From 2002 to 2004, she was a Marie Curie postdoctoral fellow at the Astrophysics Research Institute (ARI) of Liverpool John Moores University, England. There she became involved in research project for observing optical afterglows of gamma ray bursts with three largest robotic telescopes: Liverpool Telescope at Roque de los Muchachos Observatory at La Palma, Faulkes Telescope North at Hawaii and Faulkes Telescope South in Australia. GRB group at ARI, Liverpool John Moores University, among which members is also Andreja Gomboc, received The Times Higher Award for research project of the year 2007 Times Higher Education. The judging panel awarded excellent team work and results of measurement of optical afterglow polarisation, published in Science. Among other publications, she is also a co-author of two papers in Science and three papers in Nature.

In January 2010, she delivered a talk entitled "Us and the Universe" (Vesolje in mi) in National Assembly of Republic of Slovenia as part of the project "Harvesting Knowledge".

She is a member of the Gaia, which was launched by ESA in 2013. Gaia mission is measuring distances and radial velocities of about a billion of stars in our Galaxy.

From 2011 to 2014, she was the PI of the ESA project "Relativistic Global Navigation System".

Her research fields are astronomy and astrophysics, the general theory of relativity, black holes, gamma ray bursts, stellar rotation, and rotational velocities of symbiotic stars.

She publishes popular science articles on astronomy and astrophysics in Slovenian astronomical magazine Spika. She is the founder and editor of the web portal Portal v vesolje.

In the International Year of Astronomy 2009 (IYA) she was the Single Point of Contact and Coordinator for Slovenia. Among other IYA activities she initiated and organized exhibition of astro-photographs From Earth to the Universe at the Jakopič promenade in Tivoli City Park in Ljubljana, Travelling exhibition From Earth to the Universe, Open door days at Astronomical and Geophysical Observatory Golovec (AGO) and other. She was also co-editor of the proceedings of the workshop Slovenia and Space – yesterday, today and tomorrow and of the catalogue of the exhibition From Earth to the Universe. She received award Prometheus of Science 2007 (Prometej znanosti 2007) for co-editing monography Physics, My Profession – Life and Work of Our Female Physicists (Fizika, moj poklic – življenje in delo naših fizičark) and Prometheus of Science 2009 (for leading the Organizing Committee of International Year of Astronomy 2009 in Slovenia).

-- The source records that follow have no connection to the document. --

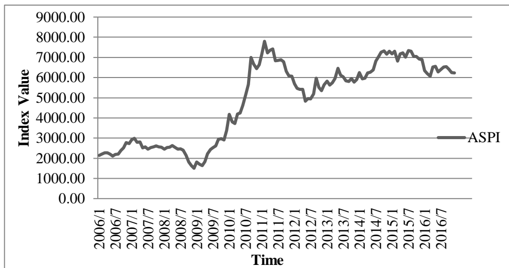
Figure 1: All Share Price Index, CSE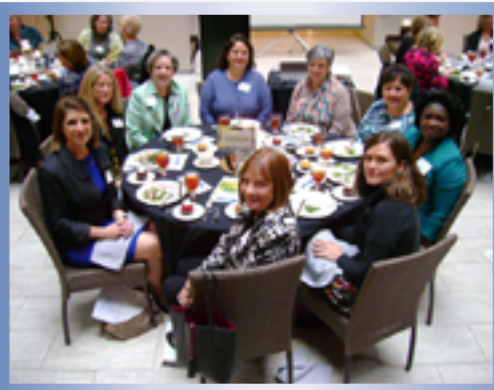
Left: Participants at the Dallas Women's Leadership Luncheon.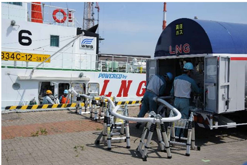
During bunkering operation

Since August 2018, the four companies have been in joint discussions on the commercialization of LNG bunkering, and this demonstration validates the feasibility of LNG bunkering in the area. Going forward, the four companies will utilize the experience gained from this operation to accelerate commercialization.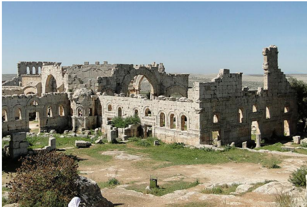
General view of the site prior to the airstrikes

The first airstrike on the site of St, Simeon occurred on Thursday May 12th, 2016 and caused extensive damage to the site. The TDA-HPI team documented that strike in a separate report.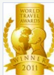
WTA – Europe's Leading Golf Resort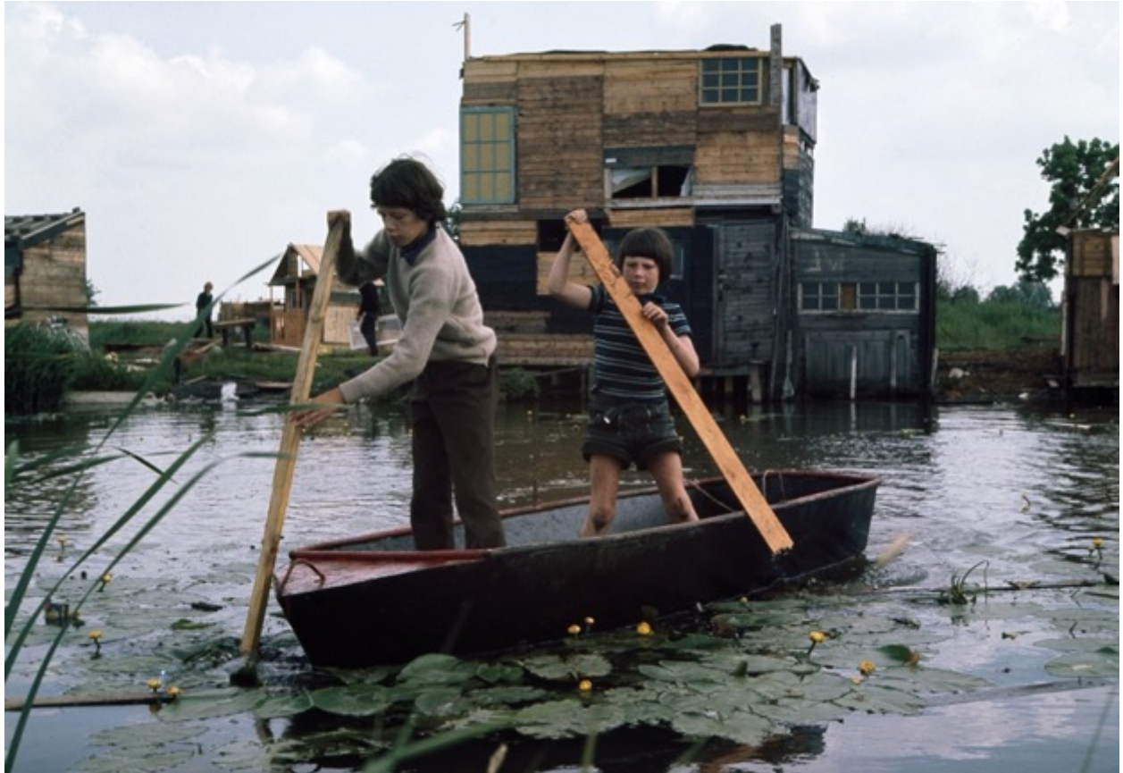
Ursula Schulz-Dornburg, Image from Huts, Temples, Castles (MACK, 2022). Courtesy of the artist and MACK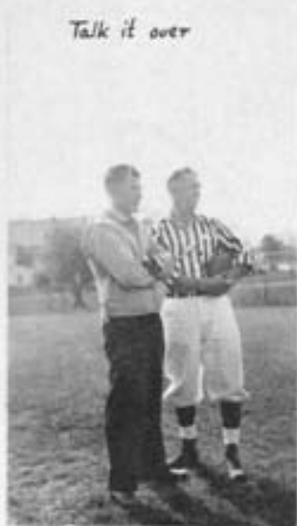
Talk it over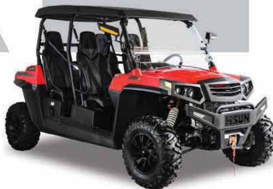
STRIKE 1000 CREW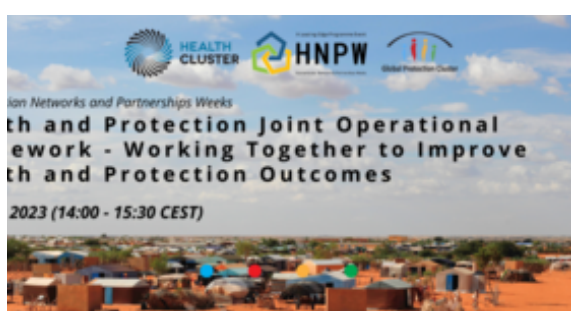
Health and Protection Joint Operational Framework - Working Together to Improve Health and Protection Outcomes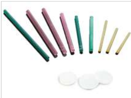
Nd:Ce:YAG, Yb:YAG, Er:YAG, Cr:Tm:Ho:YAG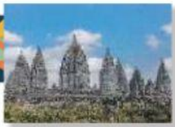
Prambanan Temple, (DIY) Yogyakarta

1. Write the name of these famous place and structures. What city are they in?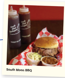
South Moon BBQ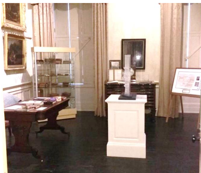
Limited room around the Scott Room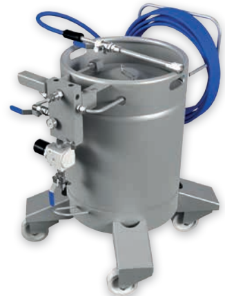
▶ Mobile foam tank S50-B mobile foaming, simple manoeuvring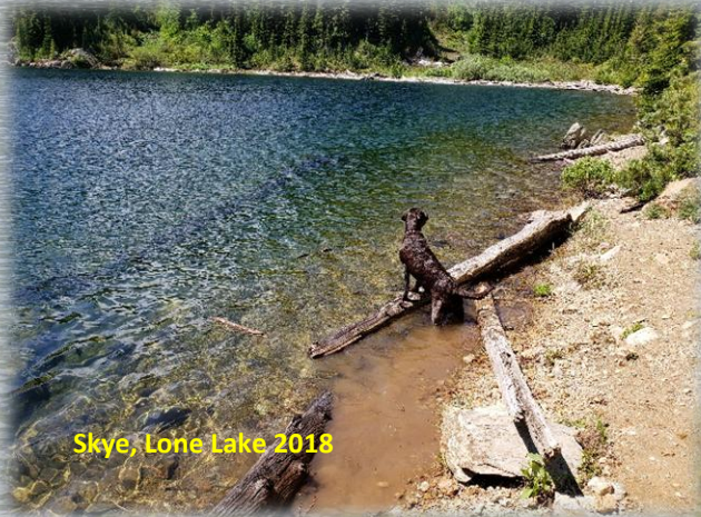
Skye, Lone Lake 2018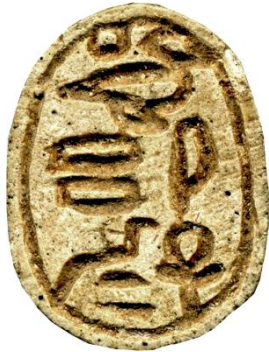
Fig.10: Scarab-seal from 15 th Dynasty. [20]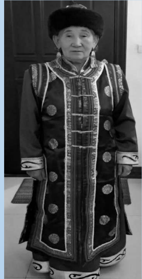
Traditional clothing of Ölä Tribe living in Ili Area of Xinjiang, China, (1957)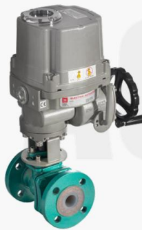
Electric fluorine lined ball valves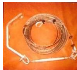
Overhead Wire Rope Assembly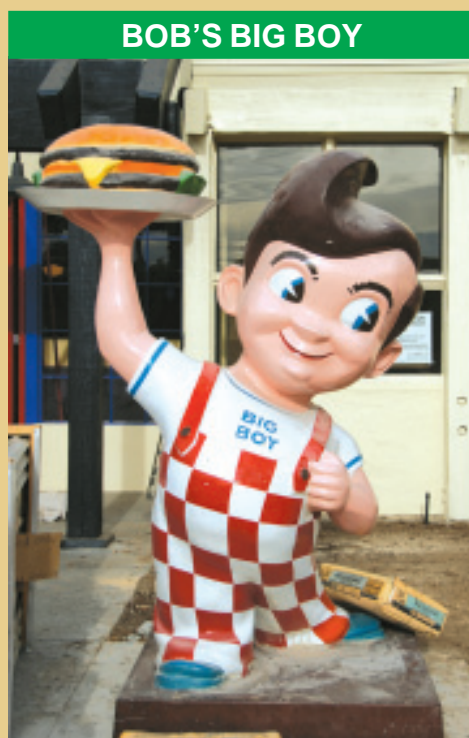
BOB'S BIG BOY

Bob's Big Boy – Bob's Big Boy Restaurant is now open for business at the former Chevy's building located across from Westfield West Covina.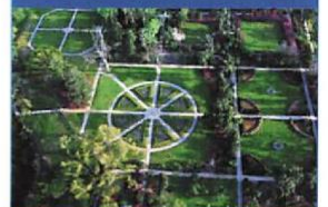
Visit Middleton Place and Gardens

She is the president of the national committee for astronomy competition organized since 2009 by Society of Mathematicians, Physicists and Astronomers of Slovenia.
Andreja Gomboc is a member of Marie Curie Fellows Organization PAZU, European Astronomical Society (EAS) and International Astronomical Union (IAU).

In 2015, she received Zois Certificate of Recognition, a Slovenian state award, for important research findings concerning Gamma Ray Bursts.

In 2016, she organized astronomical symposium New Frontiers in Black Hole Astrophysics, the first International Astronomical Union Symposium in Slovenia.